Set down each record that follows exactly. Drop the images.
━━━━━ RECORDS FOR THIS TASK ━━━━━
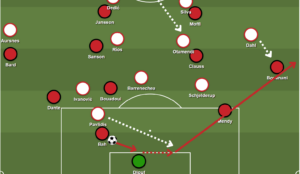 The second half brought no relief to the hosts, and it would take only seven minutes before Benfica found the back of the net. Bard was left to flounder on the left of the defense as Dedić skipped past him and shifted the ball out to Aursnes. Bard tried to recover from his mistake with a sliding tackle, but the winger read his intentions and moved into space.
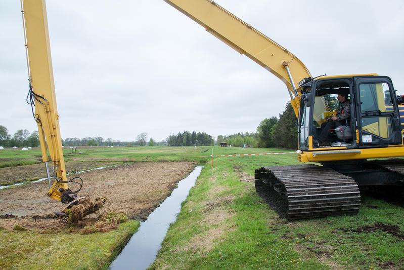 Ernte einer Torfmooskultur auf wiedervernässtem Moor. ©S. Busse
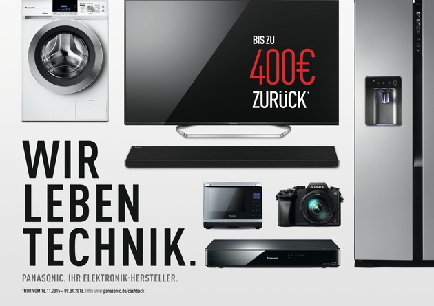 Mit einer breit angelegten Cashback-Aktion für 4K VIERA TVs, Heimkino-Produkte, LUMIX G Systemkameras und Haushaltsgeräte schafft Panasonic zusätzliche Kaufanreize und unterstützt so den Fachhandel im Weihnachtsgeschäft. Bis zu 400 Euro erhält der Endkunde beim Kauf ausgewählter Produkte in Deutschland oder Österreich zurück. Während des gesamten Aktionszeitraums unterstützt Panasonic den Handel mit einer reichweitenstarken Werbekampagne. Durch gezielte und kreative Marketingmaßnahmen werden bis zu 600 Millionen Kontakte erreicht.
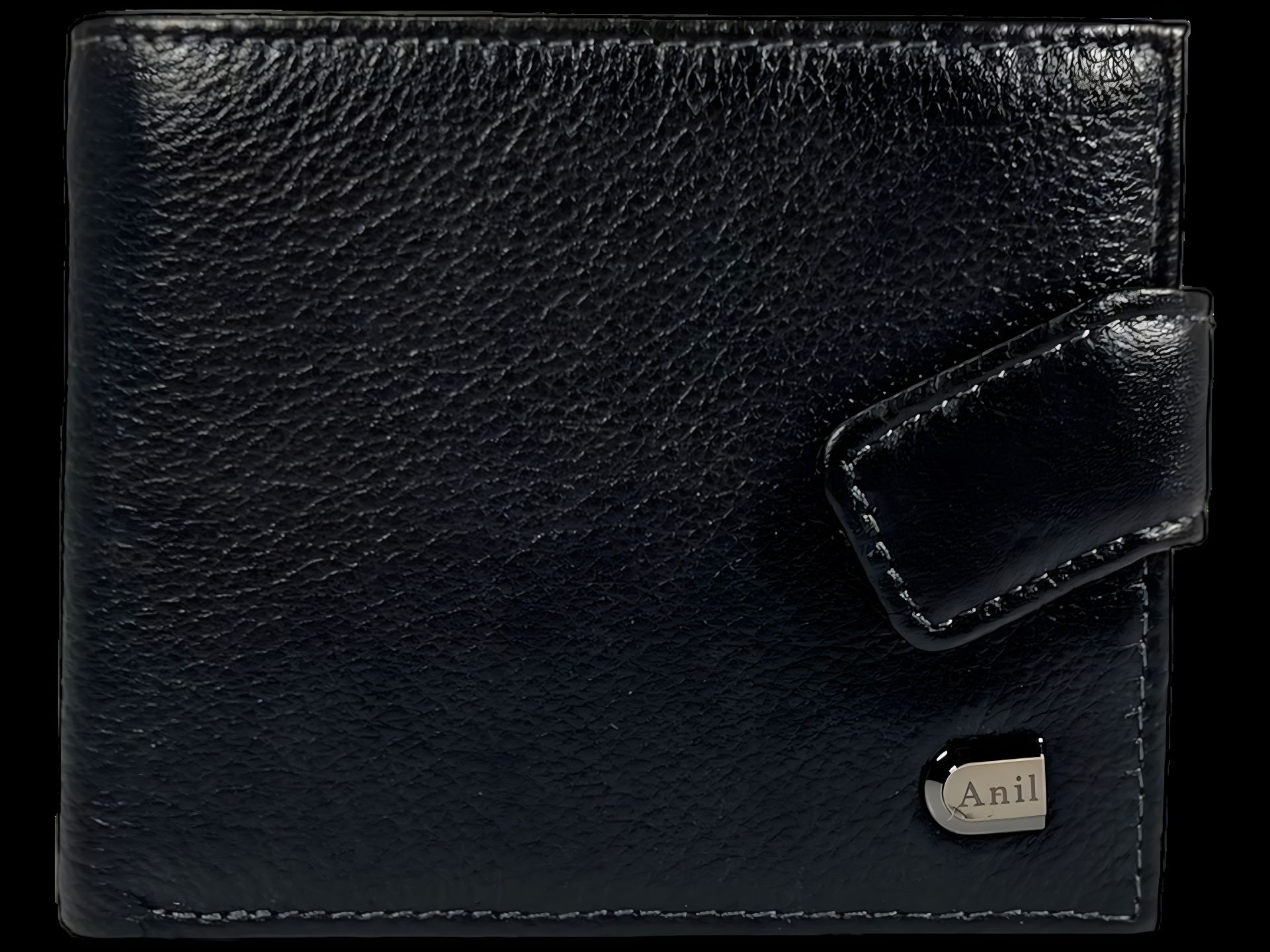 Чоловічий гаманець з натуральної шкіри з кнопкою та магнітом, чорного кольору
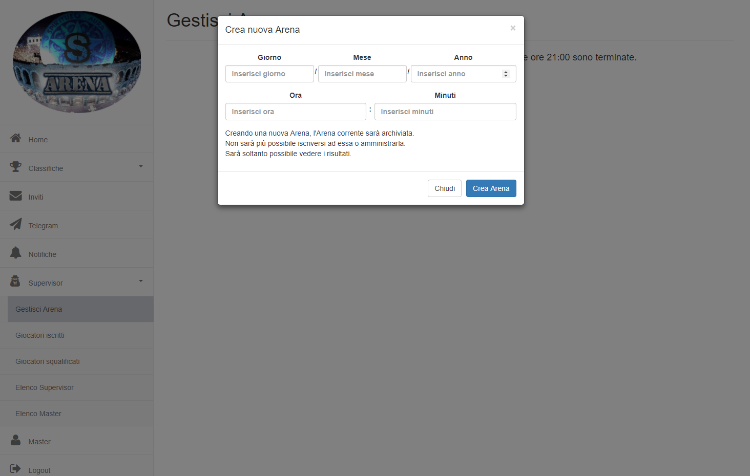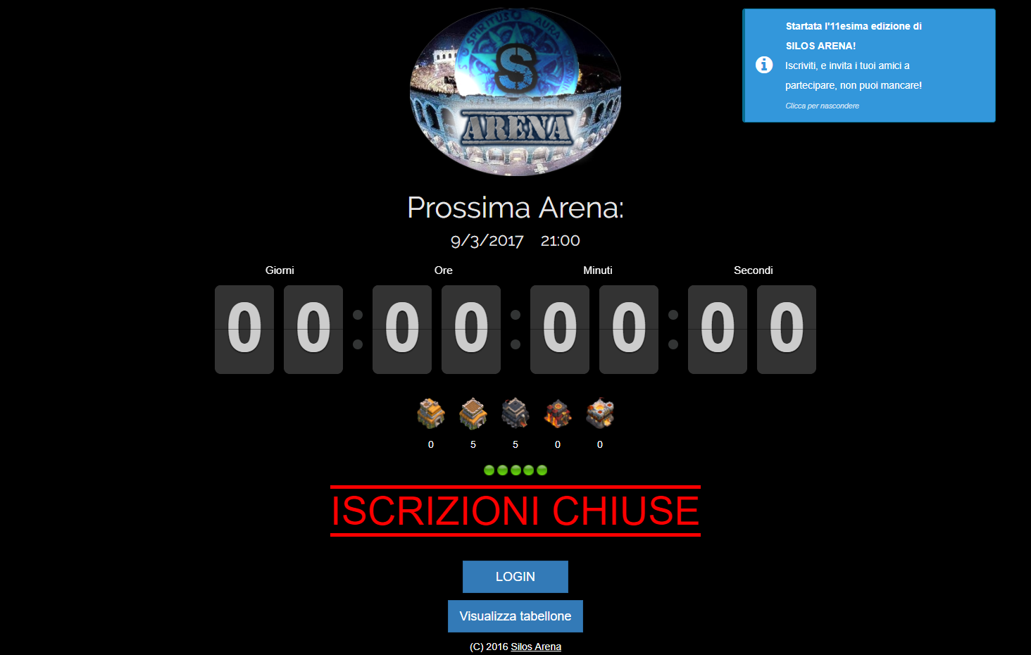 • Una volta aperte le iscrizioni da parte di un Supervisor, ogni utente registrato a silosclash.it (integrazione con Worpdress) può accedere ed iscriversi alla prossima Arena
━━━━━
● EXPECTED OUTPUT
 The second half brought no relief to the hosts, and it would take only seven minutes before Benfica found the back of the net. Bard was left to flounder on the left of the defense as Dedić skipped past him and shifted the ball out to Aursnes. Bard tried to recover from his mistake with a sliding tackle, but the winger read his intentions and moved into space.
 Ernte einer Torfmooskultur auf wiedervernässtem Moor. ©S. Busse
 Mit einer breit angelegten Cashback-Aktion für 4K VIERA TVs, Heimkino-Produkte, LUMIX G Systemkameras und Haushaltsgeräte schafft Panasonic zusätzliche Kaufanreize und unterstützt so den Fachhandel im Weihnachtsgeschäft. Bis zu 400 Euro erhält der Endkunde beim Kauf ausgewählter Produkte in Deutschland oder Österreich zurück. Während des gesamten Aktionszeitraums unterstützt Panasonic den Handel mit einer reichweitenstarken Werbekampagne. Durch gezielte und kreative Marketingmaßnahmen werden bis zu 600 Millionen Kontakte erreicht.
 Чоловічий гаманець з натуральної шкіри з кнопкою та магнітом, чорного кольору
 • Una volta aperte le iscrizioni da parte di un Supervisor, ogni utente registrato a silosclash.it (integrazione con Worpdress) può accedere ed iscriversi alla prossima Arena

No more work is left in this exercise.